[Work to be completed]:
Could you copy exactly the lines from the start of the records through the one containing "Paripurna tersebut bertempat", both included, and leave out the pictures?

[Task material]:
###
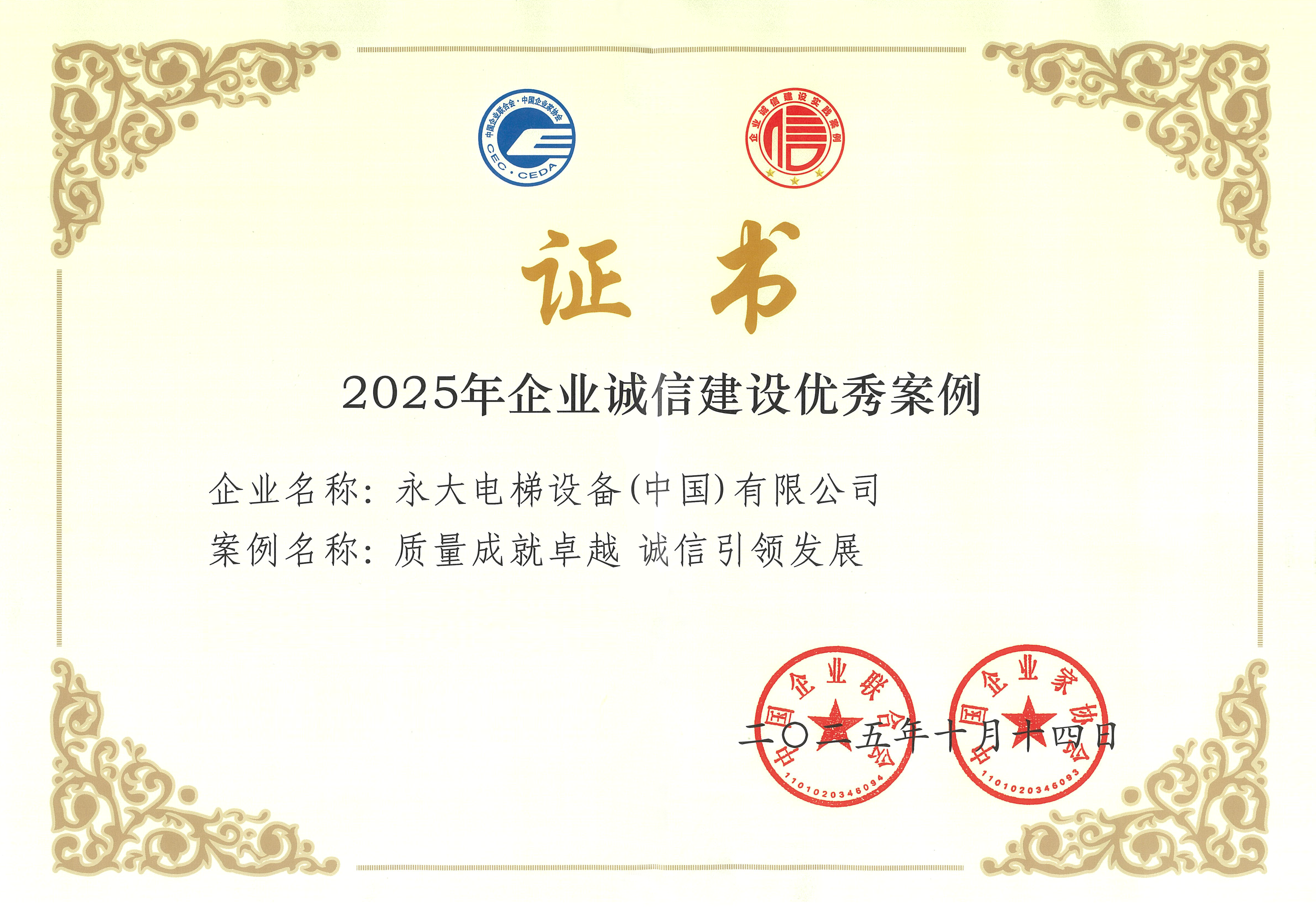 此次榮獲“2025年企業誠信建設優秀案例”,是對永大電梯誠信建設成果的肯定。永大將進一步踐行誠信精神,弘揚誠信文化,切實履行企業社會責任,助力構建更加誠信、和諧的行業氛圍與社會環境。
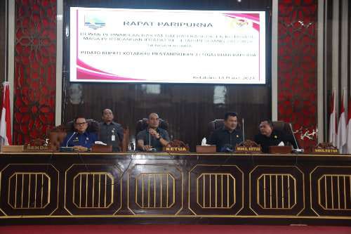 Paripurna tersebut bertempat di lantai III Gedung DPRD Kotabaru, Senin (18/3/2024) siang yang dipimpin oleh Ketua dihadiri Wakil Ketua dan Anggota DPRD Kotabaru, unsur Forkopimda, Asisten I Sekda, serta Kepala Organisasi Perangkat Daerah (OPD).
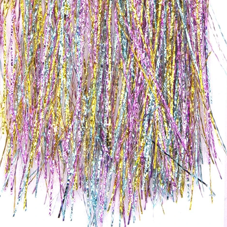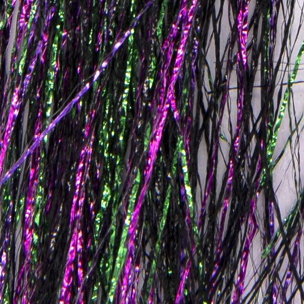SemperFlash Mixes are comprised of multi-colored strands of mylar which has been crimped to give the material texture and volume. Each strand contains alternating sections in 2 to 4 different colors, depending on the mix selected. The collective effect of the material’s movement in water is a kaleidoscope of those colors. This material can be used alone or in blends with solid-colored SemperFlash products, Krinkle Solid in particular. The strands are bound into a hank at one end, providing a 10-inch length of usable material – no cinching in the middle with a cable tie, which would render that part of the strand unusable. 300 strands per package.
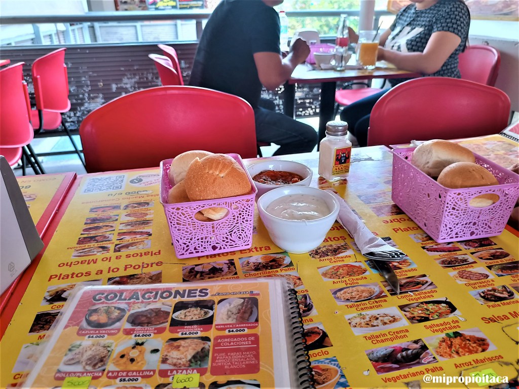 Yo lo probé en uno de los restaurantes (restoranes, como dicen en Chile) de la planta de arriba del mercado de abastos Tirso de Molina, en Recoleta, Santiago. El menú incluía una sopa, ensalada tradicional y un entrante de pan amasado para mojar en varias salsas. El precio fue aproximadamente de unos $7.000 (8€) ¡y te aseguro que daba para dos personas! Fui a comer allá con el grupo del free tour que había realizado justo antes y todos acabamos pidiendo que nos pusieran la otra mitad para llevar.
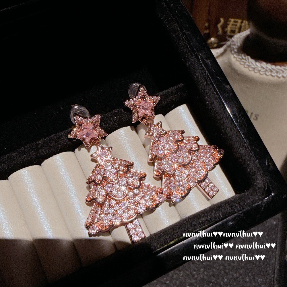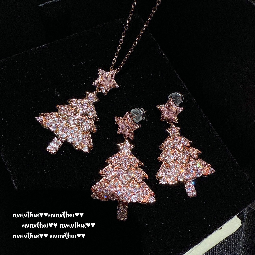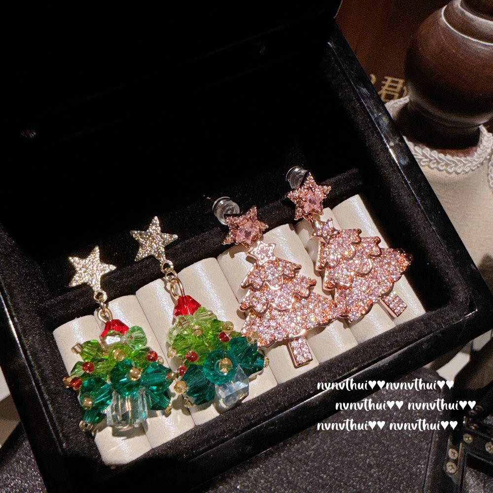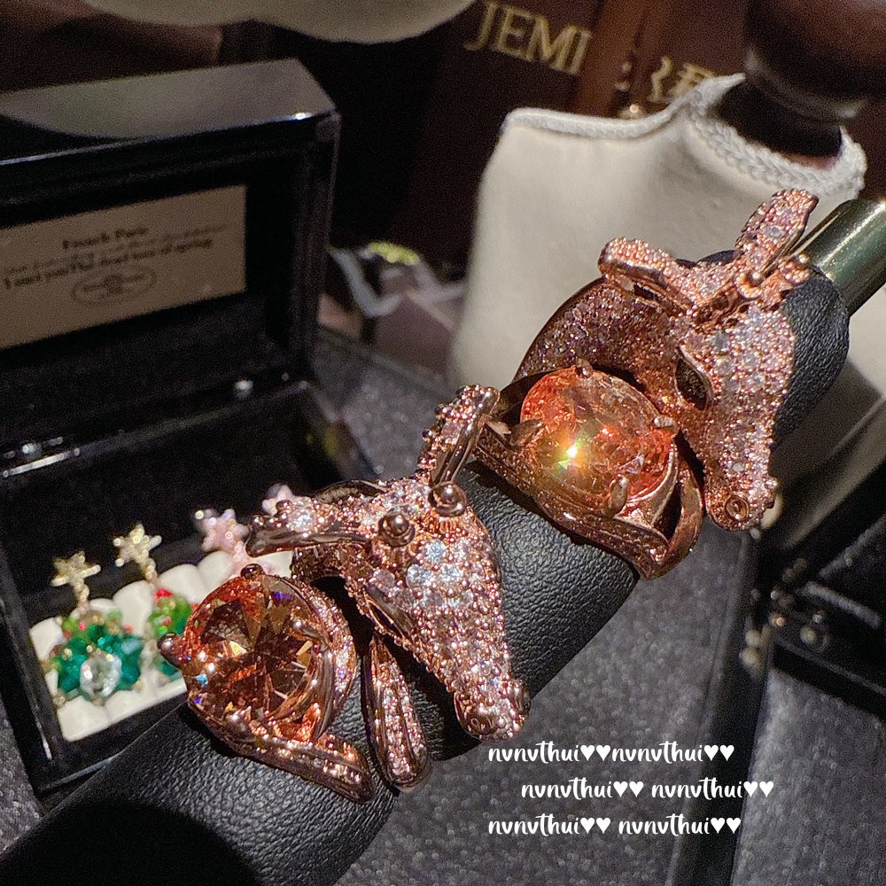 年会珠宝 艳彩橘钻麋鹿宝石戒指 Vintage 星星圣诞树锆石耳环
###
[Solution to this task]:
 此次榮獲“2025年企業誠信建設優秀案例”,是對永大電梯誠信建設成果的肯定。永大將進一步踐行誠信精神,弘揚誠信文化,切實履行企業社會責任,助力構建更加誠信、和諧的行業氛圍與社會環境。
 Paripurna tersebut bertempat di lantai III Gedung DPRD Kotabaru, Senin (18/3/2024) siang yang dipimpin oleh Ketua dihadiri Wakil Ketua dan Anggota DPRD Kotabaru, unsur Forkopimda, Asisten I Sekda, serta Kepala Organisasi Perangkat Daerah (OPD).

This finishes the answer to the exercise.